By 9:45 AM ET (1445 GMT). the Dow Jones Industrial Average was up 153 points, or 0.4% at 35,907 points. The S&P 500 was up 0.5% and the Nasdaq Composite was up 0.3%. 

Earlier, the Bureau of Labor Statistics had said the annual rate of inflation rose to its highest level in nearly 40 years in November, hitting 6.8%. While that was distorted to a degree by upheavals in prices a year ago due to the pandemic, the core rate — which strips out more volatile food and energy prices – also hit a 30-year high of 4.9%. The headline rate rose by 0.8% on the month and the core rate by 0.5%, both chunky increases that suggest that companies are still able to pass on higher costs to their customers more or less at will. 

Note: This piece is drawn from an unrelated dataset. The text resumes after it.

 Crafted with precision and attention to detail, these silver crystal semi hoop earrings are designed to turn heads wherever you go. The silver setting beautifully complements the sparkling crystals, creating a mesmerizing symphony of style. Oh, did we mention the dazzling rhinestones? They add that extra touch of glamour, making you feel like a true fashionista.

“Airfares and hotel room rates came roaring back,” said Grant Thornton Chief Economist Diane Swonk via Twitter (NYSE:TWTR). “This reflects the surge in holiday travel.” She also pointed to the relative lack of Black Friday discounts this year which hit home in annual price comparisons with last year’s holiday season. Apparel retailers in particular had warned in their third-quarter numbers that they were suffering shortages of product due to long factory closures in Asia in the summer because of Covid-19.

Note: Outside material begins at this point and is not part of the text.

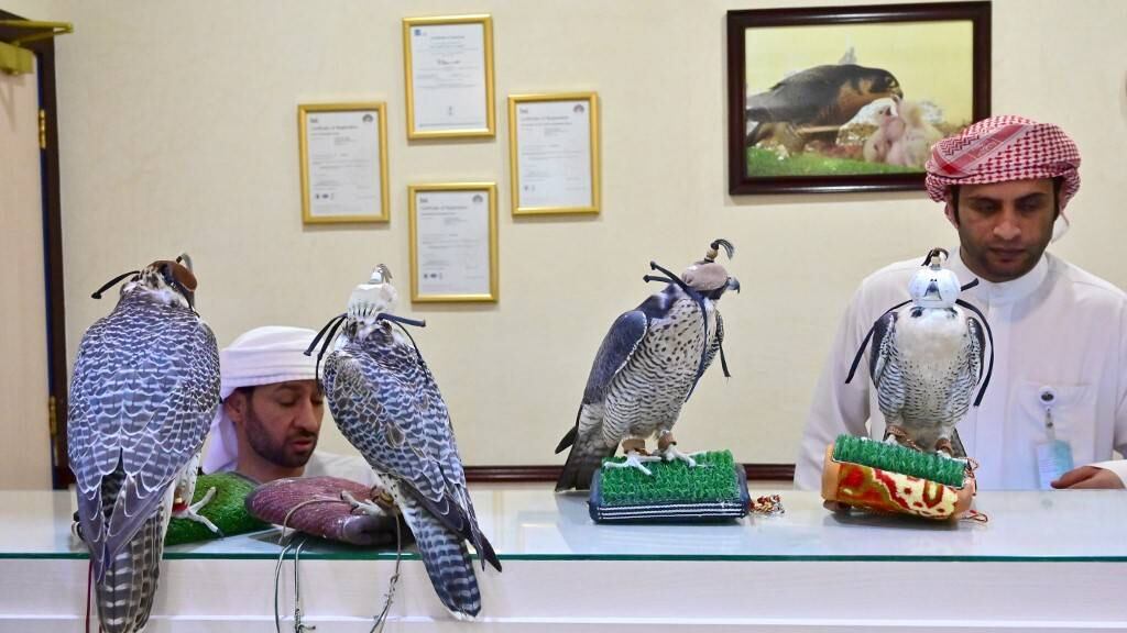 Los halcones, clasificados como especies en peligro de extinción, son el emblema nacional de los Emiratos Árabes Unidos.

Ian Shepherdson, chief economist with Pantheon Macroeconomics, said in a note to clients that while headline inflation may have peaked (wholesale gasoline prices are down some 15% from their October peaks) but warned that core inflation has further to rise and may yet hit 7% by February. He pointed to a succession of solid increases in rents that are pushing the shelter part of the price index higher.